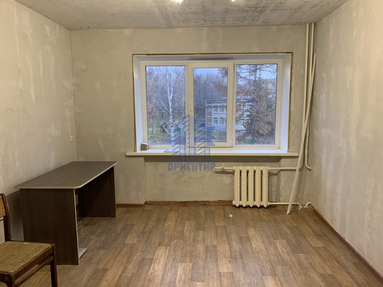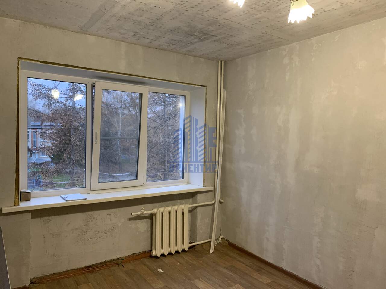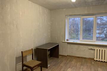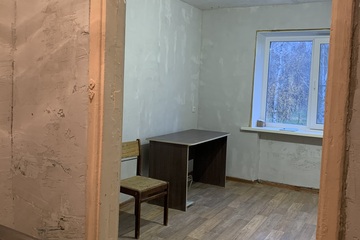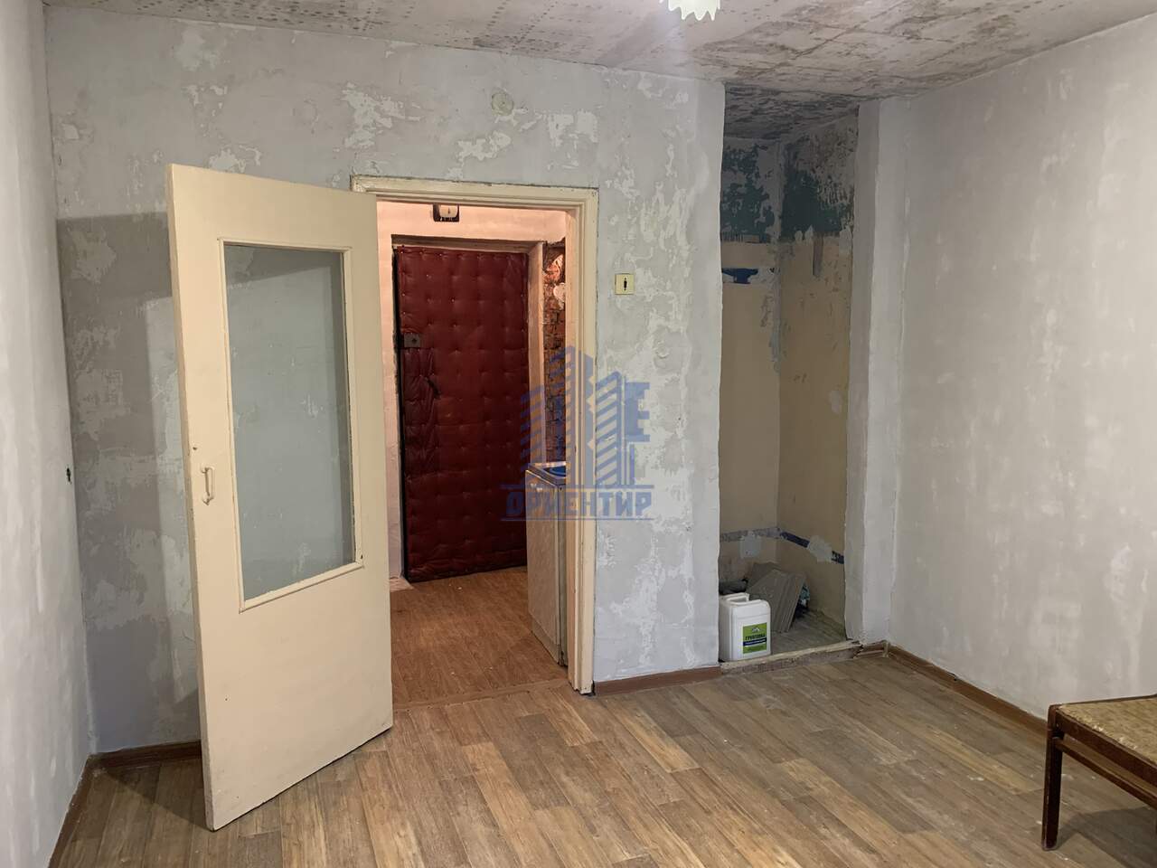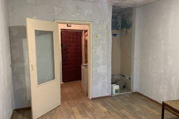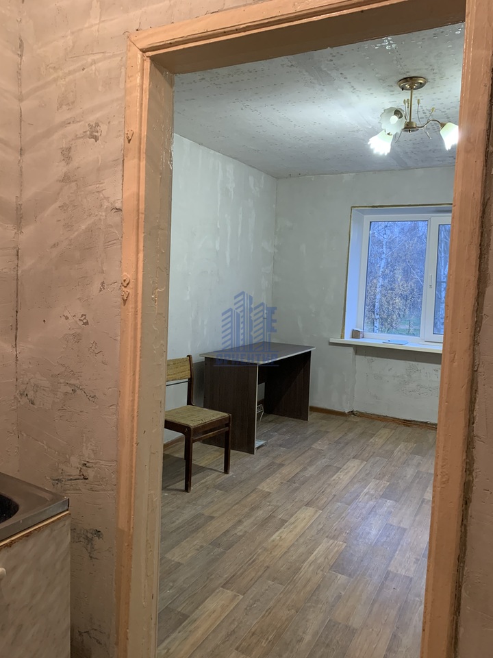 Комната разделена на туалет, будущую душевую, кухню, коридор и жилую комнату (12,8 кв.м). Частично постелен линолеум.
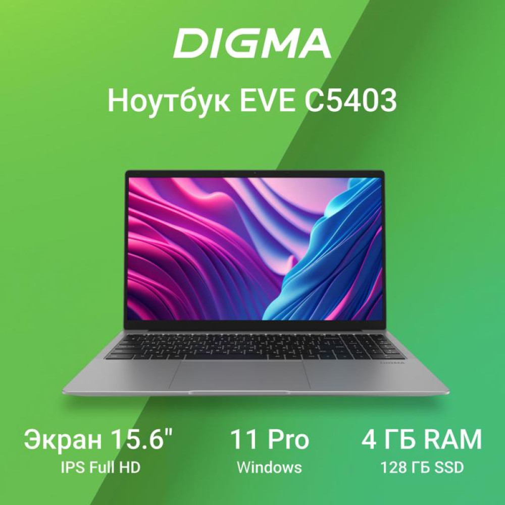 Ноутбук Digma EVE C5403 Celeron N4020 4Gb SSD128Gb Intel UHD Graphics 600 15.6" IPS FHD (1920x1080) Windows 11 Professional silver WiFi BT Cam 5000mAh (DN15CN-4BXW02)
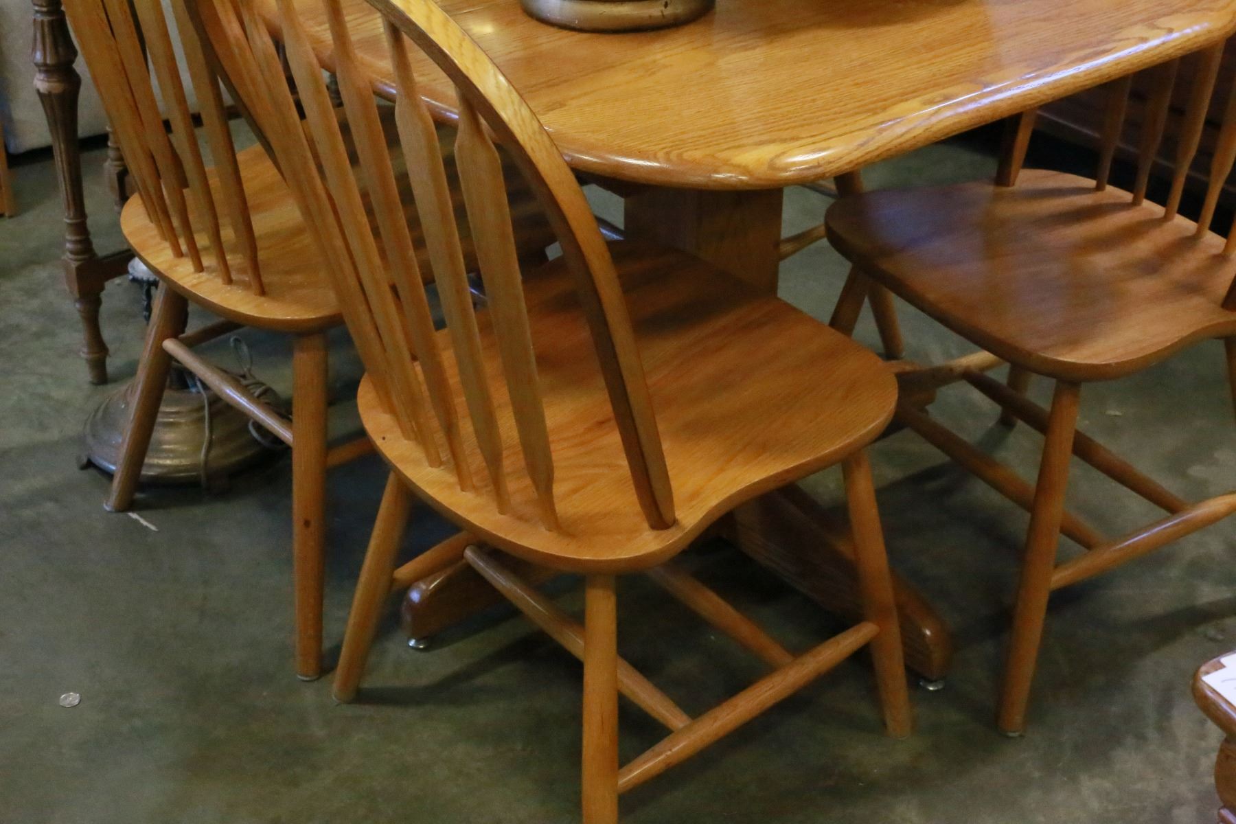 OAK TABLE WITH LEAF AND 4 CHAIRS
* * * * * * * * *
TASK DETAILS:
Leave out the pictures and return the listing exactly.

SOLUTION:
 Комната разделена на туалет, будущую душевую, кухню, коридор и жилую комнату (12,8 кв.м). Частично постелен линолеум.
 Ноутбук Digma EVE C5403 Celeron N4020 4Gb SSD128Gb Intel UHD Graphics 600 15.6" IPS FHD (1920x1080) Windows 11 Professional silver WiFi BT Cam 5000mAh (DN15CN-4BXW02)
 OAK TABLE WITH LEAF AND 4 CHAIRS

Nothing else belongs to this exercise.